Erwerb eines Familienheims und Bewertung durchs Finanzamt

Wann liegt im Erbfall ein steuerfreier Erwerb eines Familienheims vor? Wann werden Grundstücke als wirtschaftliche Einheit bewertet? Soweit das Finanzamt hierüber einen Feststellungsbescheid erlässt, muss nach dem BFH auch dieser Bescheid angefochten werden. Ansonsten ist die Feststellung bindend und kann im Verfahren gegen den Erbschaftsteuerbescheid nicht erfolgreich angegriffen werden.

Mit Urteil vom 23.02.2021 (II R 29/19) hat der Bundesfinanzhof (BFH) entschieden, dass die Zuteilung, ob mehrere Flurstücke als wirtschaftliche Einheit zu werten sind, im Feststellungsbescheid des Belegenheitsfinanzamts zu treffen ist. Das Festsetzungsfinanzamt ist an die Entscheidung des Belegenheitsfinanzamts gebunden.

Sachlage im Streitfall

Eine Erblasserin hatte bis zu ihrem Tod in einer Eigentumswohnung in einem Zweifamilienhaus gewohnt.

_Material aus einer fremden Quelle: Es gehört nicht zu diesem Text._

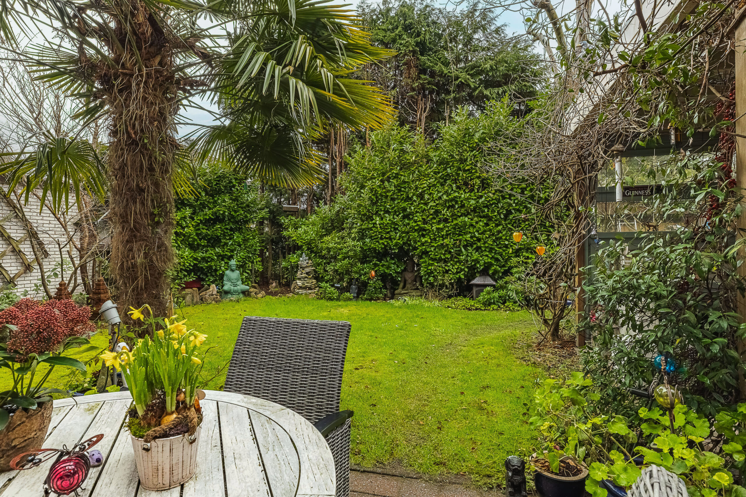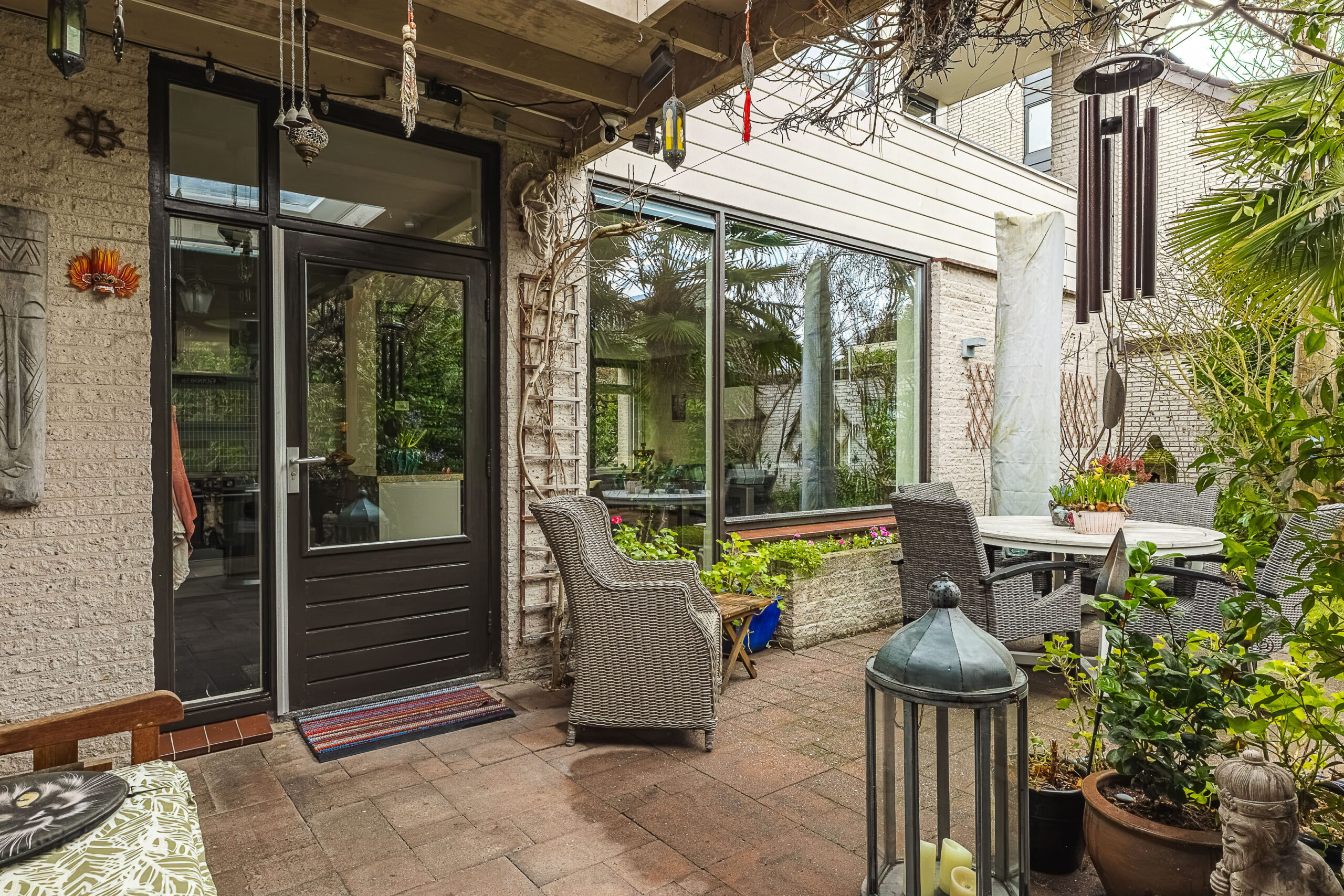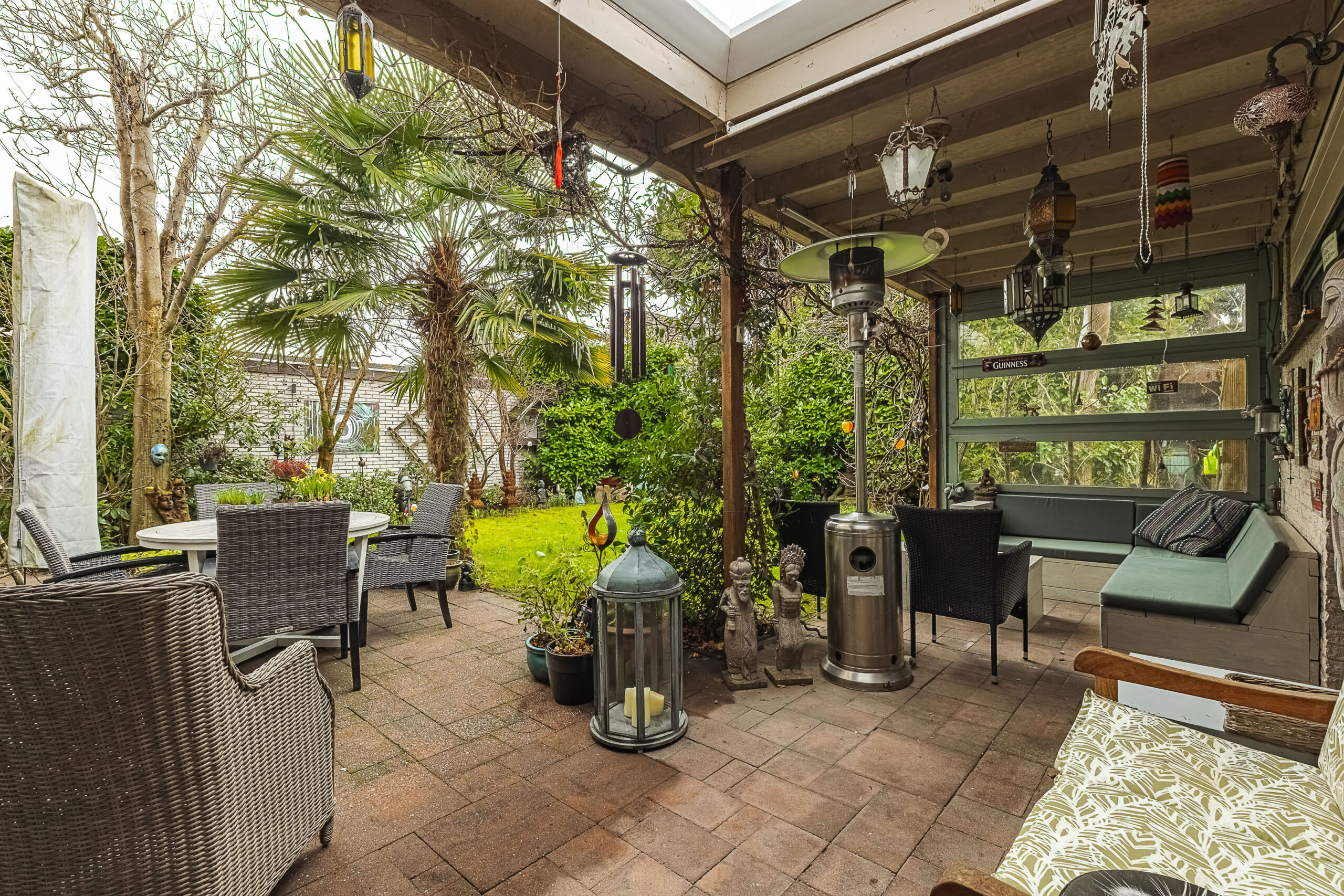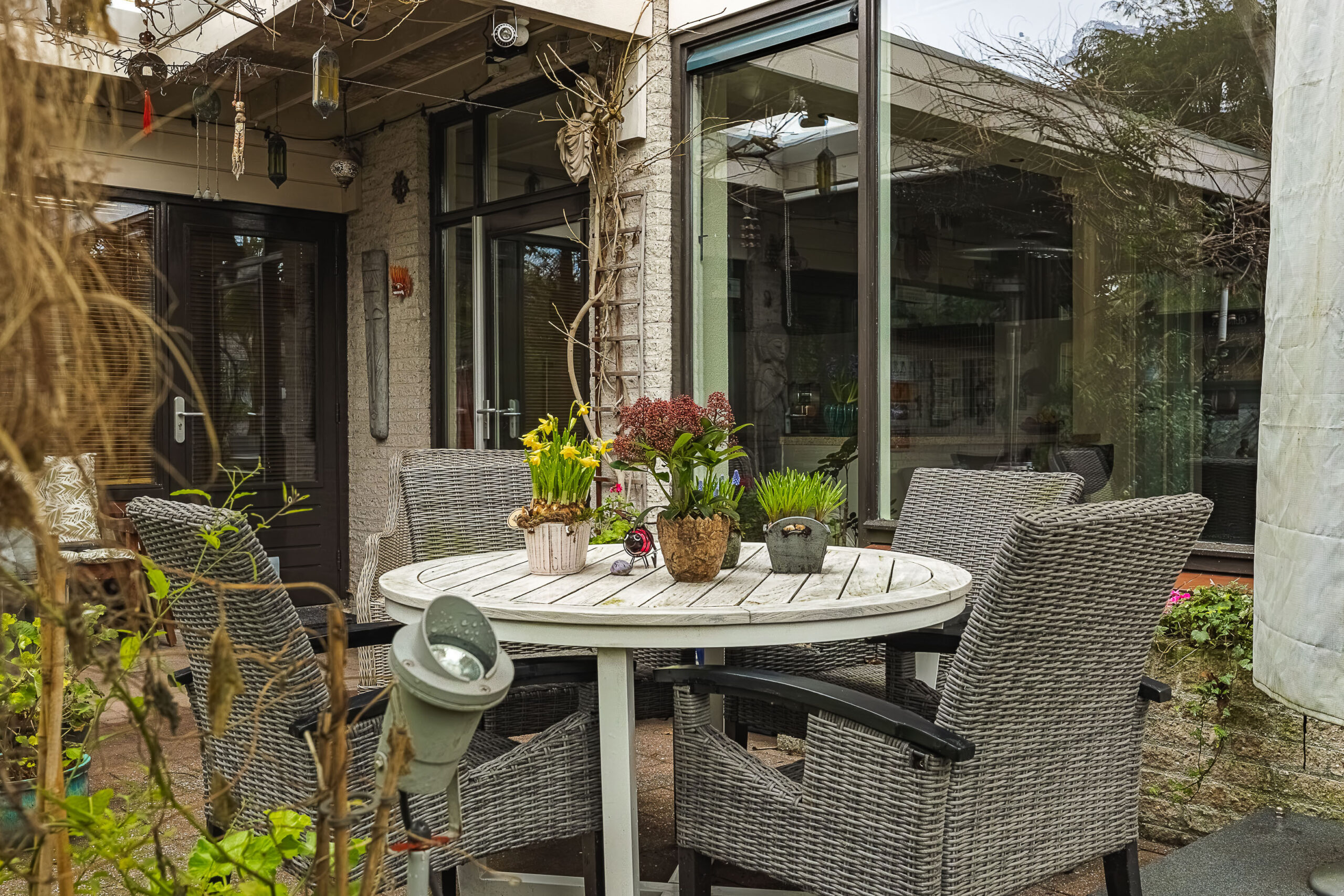 De achtertuin is gunstig gelegen op het westen, waardoor je hier volop kunt genieten van de middag- en avondzon. Dankzij de aanwezige overkapping is het een heerlijke, beschutte plek om te ontspannen, ongeacht het seizoen. Bovendien is er een handige zij-ingang, wat zorgt voor extra gemak en toegankelijkheid.

Nach dem Tod der Erblasserin nutzte die Klägerin die Eigentumswohnung zu eigenen Wohnzwecken.

An dieses Grundstück angrenzend lag ein weiteres Flurstück, das ebenfalls im Eigentum der Erblasserin stand. Das Belegenheitsfinanzamt bewertete diese Grundstücke jeweils in getrennten Feststellungsbescheiden.

Das Finanzamt gewährte eine Steuerbefreiung gem. § 13 Abs. 1 Nr. 4c ErbStG jedoch nur für das bebaute Grundstück und setzte die Erbschaftsteuer u.a. auch für das unbebaute Grundstück fest.

In ihrem Einspruch machte die Klägerin geltend, dass das unbebaute Grundstück von der Steuerbefreiung gem. § 13 Abs. 1 Nr. 4c ErbStG umfasst sei. Jedoch hatte der Einspruch ebenso wie die vor dem Finanzgericht eingelegte Klage keinen Erfolg. Die Revision der Klägerin wies der BFH ebenfalls als unbegründet zurück.

Grundstück als Familienheim

Nach § 13 Abs. 1 Nr. 4c ErbStG ist der Erwerb eines bebauten Grundstücks von Todes wegen i.S.d. § 181 Abs. 1 Nr. 1 bis Nr. 5 BewG durch Kinder, soweit der Erblasser darin bis zum Erbfall eine Wohnung zu eigenen Wohnzwecken genutzt hat oder aus zwingenden Gründen an einer Selbstnutzung zu eigenen Wohnzwecken gehindert war, steuerfrei, wenn die Wohnung vom Erben unverzüglich zu eigenen Wohnzwecken genutzt wird und die Wohnfläche der Wohnung 200 qm nicht übersteigt.

Für die Feststellung des Grundbesitzwerts sind nach § 152 Nr. 1 BewG die Belegenheitsfinanzämter zuständig. Diese stellen nicht nur den Grundbesitzwert des jeweiligen Grundstücks fest, sondern sie treffen auch die Feststellung, ob ein Grundstück mit einem anderen eine wirtschaftliche Einheit bildet.

Da das Belegenheitsfinanzamt im Streitfall keine wirtschaftliche Einheit zwischen den Grundstücken festgestellt hatte, konnte das Festsetzungsfinanzamt auch nur für das bebaute Grundstück die Steuerbefreiung gem. § 13 Abs. 1 Nr. 4c ErbStG gewähren. An die Feststellung, dass zwei wirtschaftliche Einheiten vorliegen, war das Festsetzungsfinanzamt gem. § 351 AO gebunden.

Praxishinweis

Steuerpflichtige und Steuerberater sollten bei der Festsetzung des Bedarfswerts beachten, dass in diesem Bescheid nicht nur über den Bedarfswert von Grundstücken, sondern auch darüber entschieden wird, inwieweit einzelne Flurstücke als wirtschaftliche Einheit gelten.

Sollten Steuerbefreiungen für das Grundstück einschlägig sein, können diese auch nur für das als Familienheim festgestellte Grundstück und nicht für mehrere Grundstücke angesetzt werden. Falls möglich, sollten Steuerpflichtige bereits im Vorhinein zivilrechtlich eine Zusammenlegung von einzelnen Flurstücken erwägen, damit eine Diskussion mit dem Finanzamt vermieden werden kann.